A developer has demonstrated a fully offline, multi-agent coding setup running four AI agents in parallel - all on local hardware with no API calls leaving the machine.
The setup combines three pieces: vLLM (an open-source inference server that runs large language models on local GPUs), an open-source 120-billion parameter model called gpt-oss-120b, and Claude Code's agent teams feature, which allows multiple AI agents to work on a codebase simultaneously and coordinate with each other.
The result, shown in a demo video, is four agents collaborating on coding tasks concurrently - what the developer community calls "vibecoding" - entirely offline.
How the Pieces Fit Together
Claude Code normally calls Anthropic's API for its AI capabilities. But its architecture supports swapping in alternative model providers, including local ones. By pointing Claude Code at a vLLM server running on the same machine, the developer replaced cloud API calls with local inference.
vLLM handles the heavy lifting of running the 120B parameter model efficiently. A model this size typically requires multiple high-end GPUs with substantial VRAM - likely 2-4 GPUs with 24GB+ each, depending on quantization (a technique that reduces model size by using lower-precision numbers, trading some accuracy for speed and memory savings).
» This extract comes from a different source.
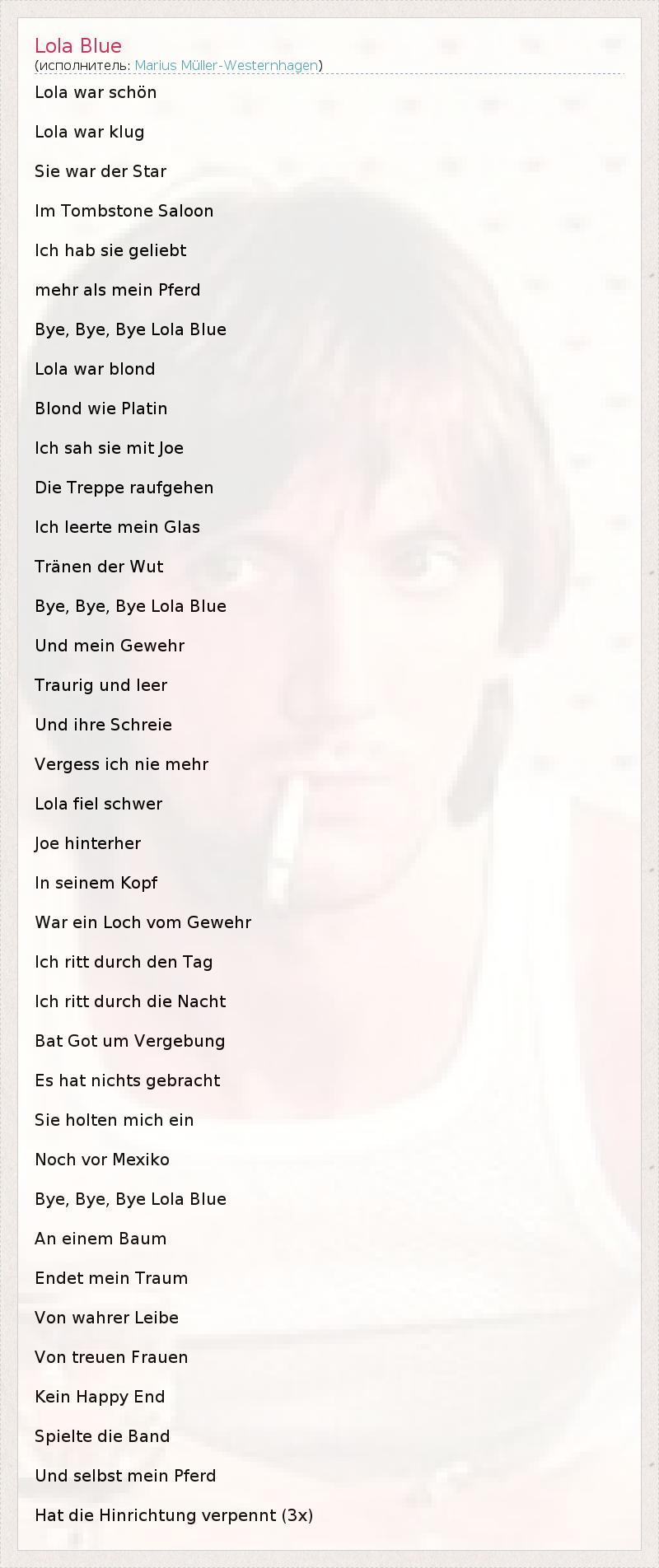 Lola war schön Lola war klug Sie war der Star Im Tombstone Saloon Ich hab sie geliebt mehr als mein Pferd Bye, Bye, Bye Lola Blue Lola war blond Blond wie Platin Ich sah sie mit Joe Die Treppe raufgehen Ich leerte mein Glas Tränen der Wut Bye, Bye, Bye Lola Blue Und mein Gewehr Traurig und leer Und ihre Schreie Vergess ich nie mehr Lola fiel schwer Joe hinterher In seinem Kopf War ein Loch vom Gewehr Ich ritt durch den Tag Ich ritt durch die Nacht Bat Got um Vergebung Es hat nichts gebracht Sie holten mich ein Noch vor Mexiko Bye, Bye, Bye Lola Blue An einem Baum Endet mein Traum Von wahrer Leibe Von treuen Frauen Kein Happy End Spielte die Band Und selbst mein Pferd Hat die Hinrichtung verpennt (3x)

Claude Code's agent teams feature - distinct from its simpler subagents - lets multiple agents run in parallel with their own context windows, coordinating on shared tasks. Each agent can read files, write code, and run commands independently.
What This Means for Local AI Development
Running AI coding agents locally has a few clear advantages: no API costs, no data leaving your network, and no rate limits. For companies with strict data policies or developers working on sensitive codebases, offline operation removes the biggest barrier to using AI coding tools.
The trade-off is hardware cost and model quality. A 120B open-source model is capable, but current cloud-hosted models from Anthropic and OpenAI still outperform open-source alternatives on complex coding tasks. The gap is closing, though, and for straightforward coding work the difference may not matter.
The setup also required switching to Linux, which is still the path of least resistance for local AI inference. Windows and macOS support for tools like vLLM exists but remains rougher around the edges.
This is a proof of concept, not a polished product. But it shows the infrastructure for fully local AI-assisted development is functional today for developers willing to invest in the hardware and configuration.